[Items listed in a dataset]

>>>

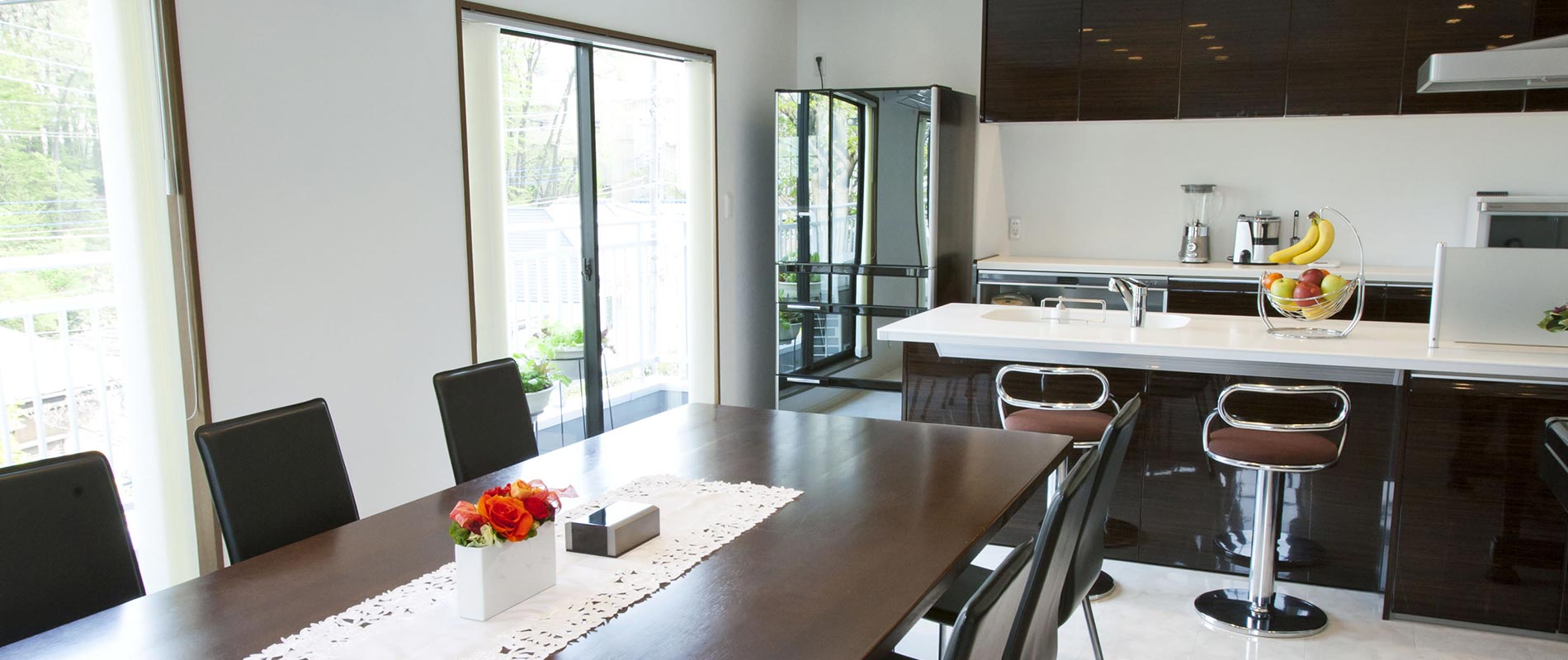 オープンタイプの対面式キッチン。最初は白いキッチンを希望していたそうですが、大和ハウス工業のショールームの展示を気に入って計畫変更しました。そのことにより空間にアクセントが加わっています。
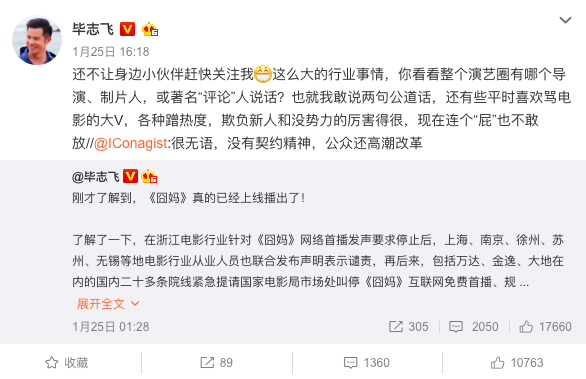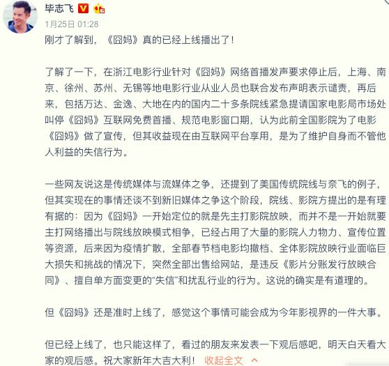 先是深夜发了一段不痛不痒的文字,用的都是网络上现成的内容,文末表示既然电影已经上线了,那就好好吃瓜。
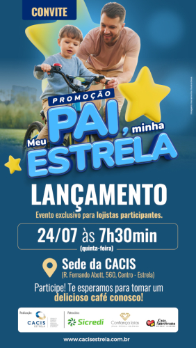 A Câmara de Comércio, Indústrias, Serviços e Agronegócio (Cacis) de Estrela agendou, para a manhã desta quinta-feira (24), o lançamento de mais uma promoção de incentivo ao comércio do município e demais setores. Após o sucesso do “Mês dos Namorados”, cujo prêmio final foi desfrutado na última semana por um dos casais sorteados, será a vez dos “pais” receberem atenção especial por parte entidade, lojistas, prestadores de serviços e outros. Detalhes da campanha “Meu Pai, Minha Estrela” serão divulgados em café a partir das 7h30min, na sede da Cacis, na presença de diretores, empresas participantes, lojistas e demais convidados.
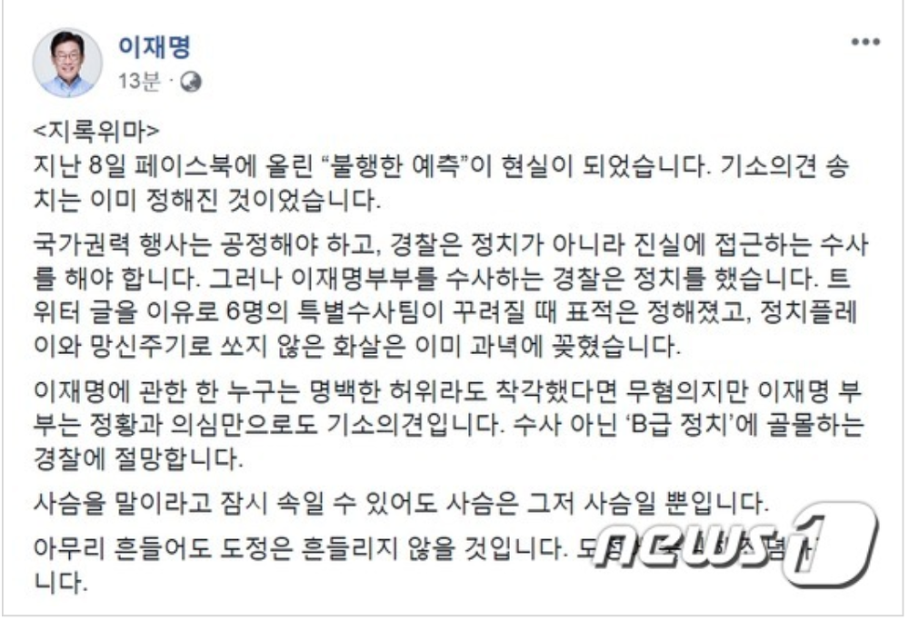 이에 이재명 경기도지사는 17일 부인 김혜경씨에 대한 경찰 수사결과 발표와 관련해 SNS에 '불행한 예측이 현실외 됐다"며 불편한 심경을 드러냈습니다.
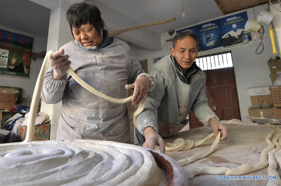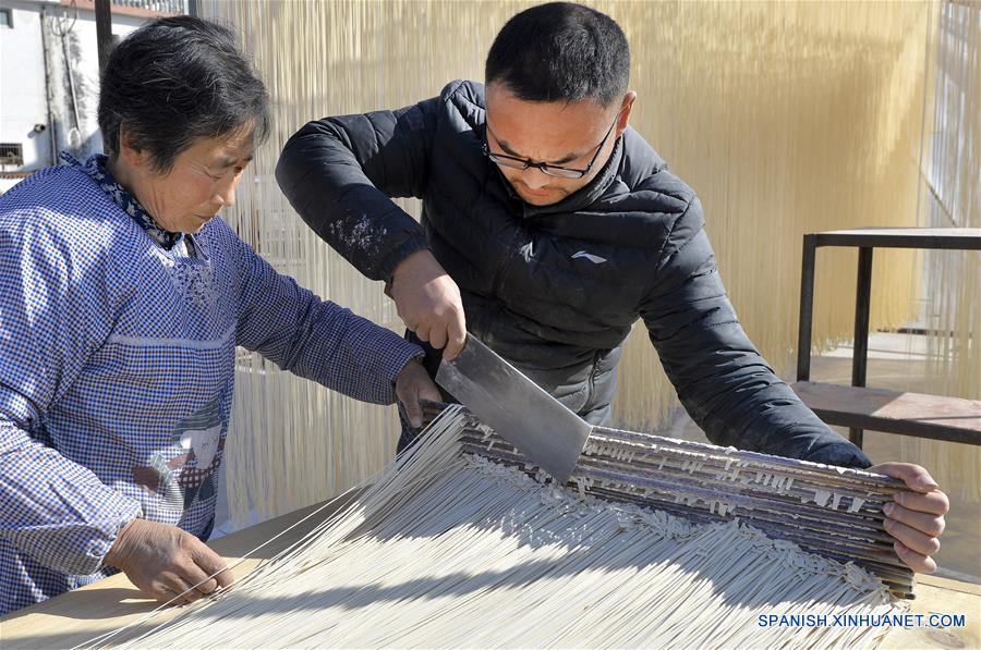 SHAANXI, febrero 1, 2018 (Xinhua) -- Imagen del 31 de enero de 2018 del residente Yan Chongwen (d) y su esposa elaborando fideos secos, en la villa de Wulangmiao del condado de Yangxian, provincia de Shaanxi, en el noroeste de China. Cerca de 80 hogares de la villa se benefician de sus fideos secos tradicionales hechos a mano. (Xinhua/Luo Hantao)
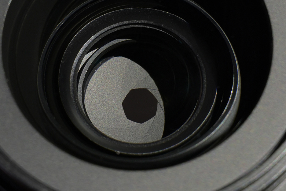 絞りは、このように円弧状に並んだ数枚の絞り羽根からなっています
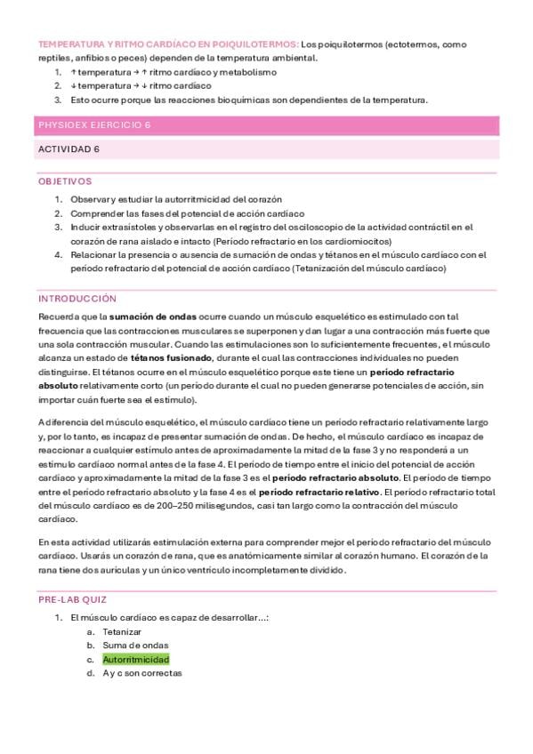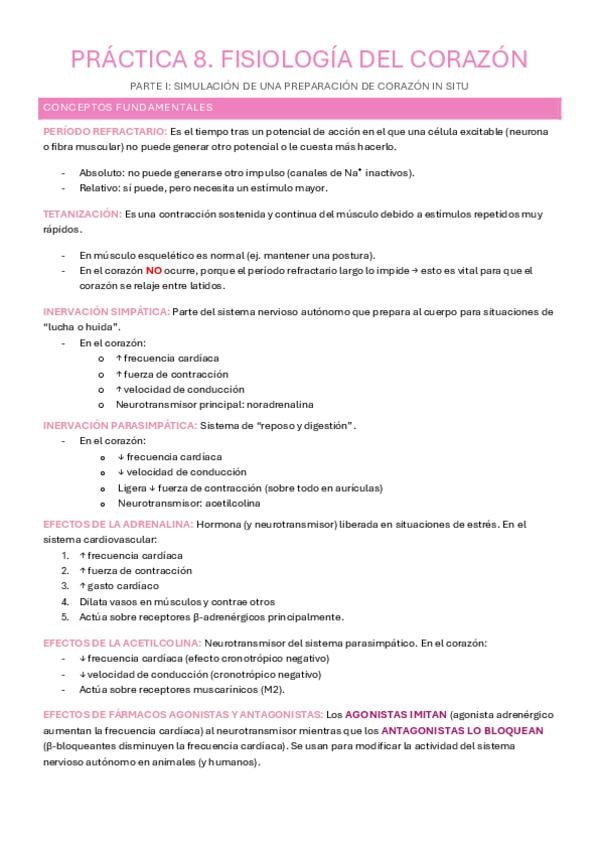 Apuntes de la práctica 8 (Fisio del corazón) de Fisio animal. Están todas las actividades del PhysioEx con el tipo test y resueltas.
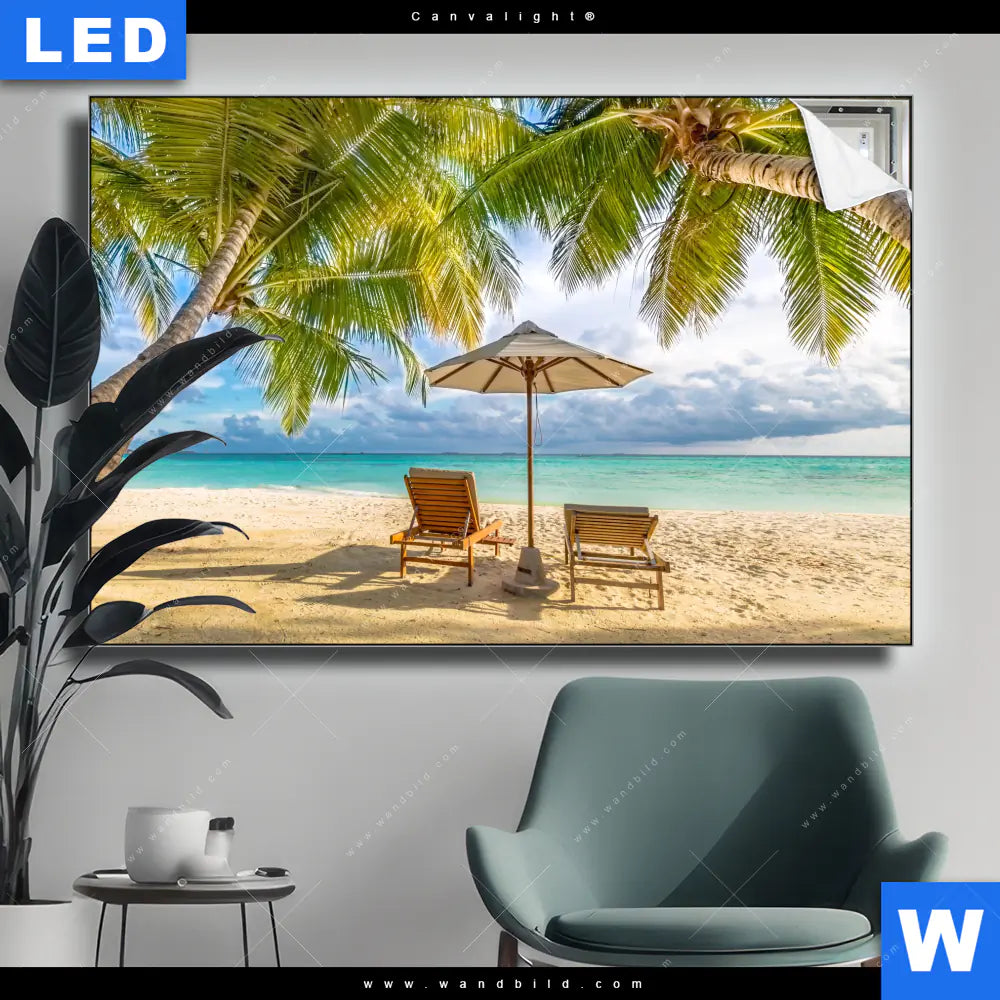Canvalight® TEX Leuchtbild | Paradies unter Palmen | Querformat
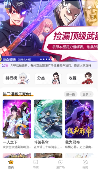 1. 首页便捷阅读:打开软件后,首页会直接推送当下热门漫画,无需多余操作,点击漫画封面就能直接进入阅读界面,快速开启追漫。
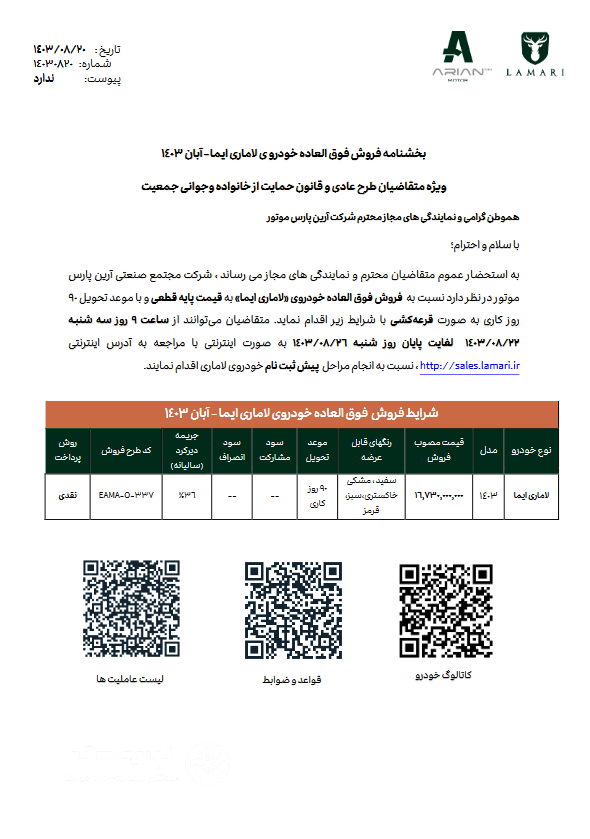 خریداران میتوانند با مراجعه به بخش فروش سایت رسمی لاماری به آدرسhttps://sales.lamari.ir/ از ساعت ۹ صبح روز سهشنبه، ۲۲/۰۸/۱۴۰۳ تا روز شنبه، ۲۶/۰۸/۱۴۰۳ و انجام مراحل پیش ثبتنام، درخواست خود را برای خرید این خودروی پرطرفدار و محبوب ثبت کنند.
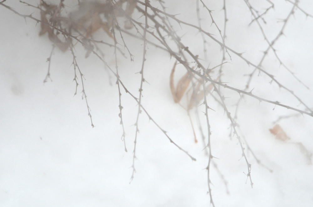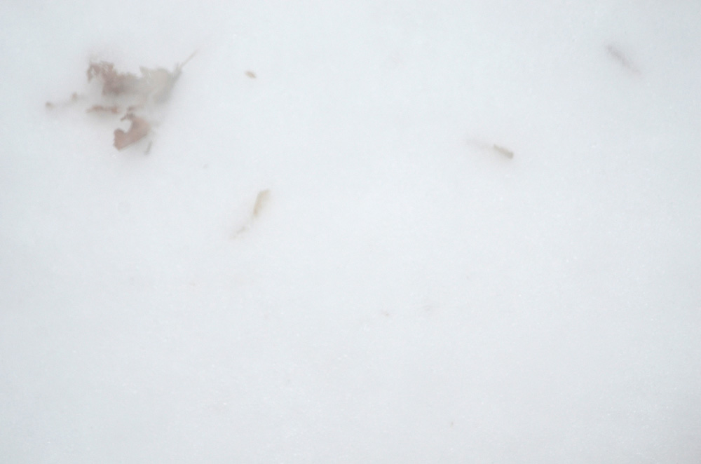 2. One might imagine the fog or vapor of one’s breath on the camera’s lens or the window from which you looked and saw the leaves in the snow…beautiful…slightly removed from the daily realm because of the fog…so nice. Thank you.
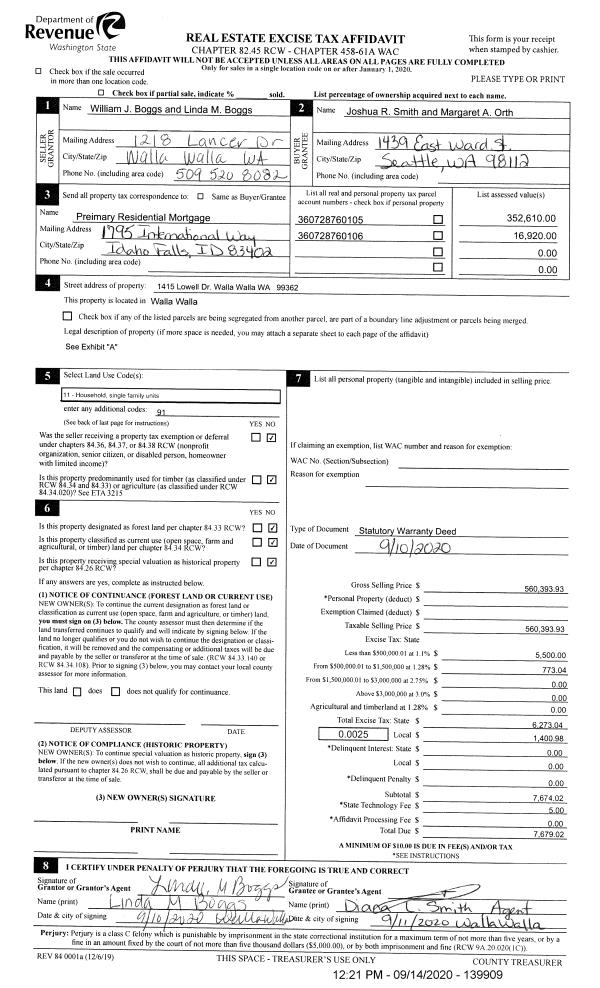 | 1 | 09/14/2020 | SWD | STATUTORY WARRANTY DEED | BOGGS WILLIAM J & LINDA M | SMITH JOSHUA R & MARGARET A ORTH | | 2-PARCELS | $560,394.00 | 139909 | 2020-09321 |
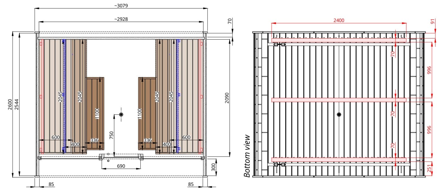 sauna da esterno round cube double interni 4

<<<

Task instructions -
Would you transcribe all of the entries above exactly, minus the images?

Expected answer -
 オープンタイプの対面式キッチン。最初は白いキッチンを希望していたそうですが、大和ハウス工業のショールームの展示を気に入って計畫変更しました。そのことにより空間にアクセントが加わっています。
 先是深夜发了一段不痛不痒的文字,用的都是网络上现成的内容,文末表示既然电影已经上线了,那就好好吃瓜。
 A Câmara de Comércio, Indústrias, Serviços e Agronegócio (Cacis) de Estrela agendou, para a manhã desta quinta-feira (24), o lançamento de mais uma promoção de incentivo ao comércio do município e demais setores. Após o sucesso do “Mês dos Namorados”, cujo prêmio final foi desfrutado na última semana por um dos casais sorteados, será a vez dos “pais” receberem atenção especial por parte entidade, lojistas, prestadores de serviços e outros. Detalhes da campanha “Meu Pai, Minha Estrela” serão divulgados em café a partir das 7h30min, na sede da Cacis, na presença de diretores, empresas participantes, lojistas e demais convidados.
 이에 이재명 경기도지사는 17일 부인 김혜경씨에 대한 경찰 수사결과 발표와 관련해 SNS에 '불행한 예측이 현실외 됐다"며 불편한 심경을 드러냈습니다.
 SHAANXI, febrero 1, 2018 (Xinhua) -- Imagen del 31 de enero de 2018 del residente Yan Chongwen (d) y su esposa elaborando fideos secos, en la villa de Wulangmiao del condado de Yangxian, provincia de Shaanxi, en el noroeste de China. Cerca de 80 hogares de la villa se benefician de sus fideos secos tradicionales hechos a mano. (Xinhua/Luo Hantao)
 絞りは、このように円弧状に並んだ数枚の絞り羽根からなっています
 Apuntes de la práctica 8 (Fisio del corazón) de Fisio animal. Están todas las actividades del PhysioEx con el tipo test y resueltas.
Canvalight® TEX Leuchtbild | Paradies unter Palmen | Querformat
 1. 首页便捷阅读:打开软件后,首页会直接推送当下热门漫画,无需多余操作,点击漫画封面就能直接进入阅读界面,快速开启追漫。
 خریداران میتوانند با مراجعه به بخش فروش سایت رسمی لاماری به آدرسhttps://sales.lamari.ir/ از ساعت ۹ صبح روز سهشنبه، ۲۲/۰۸/۱۴۰۳ تا روز شنبه، ۲۶/۰۸/۱۴۰۳ و انجام مراحل پیش ثبتنام، درخواست خود را برای خرید این خودروی پرطرفدار و محبوب ثبت کنند.
 2. One might imagine the fog or vapor of one’s breath on the camera’s lens or the window from which you looked and saw the leaves in the snow…beautiful…slightly removed from the daily realm because of the fog…so nice. Thank you.
 | 1 | 09/14/2020 | SWD | STATUTORY WARRANTY DEED | BOGGS WILLIAM J & LINDA M | SMITH JOSHUA R & MARGARET A ORTH | | 2-PARCELS | $560,394.00 | 139909 | 2020-09321 |
 sauna da esterno round cube double interni 4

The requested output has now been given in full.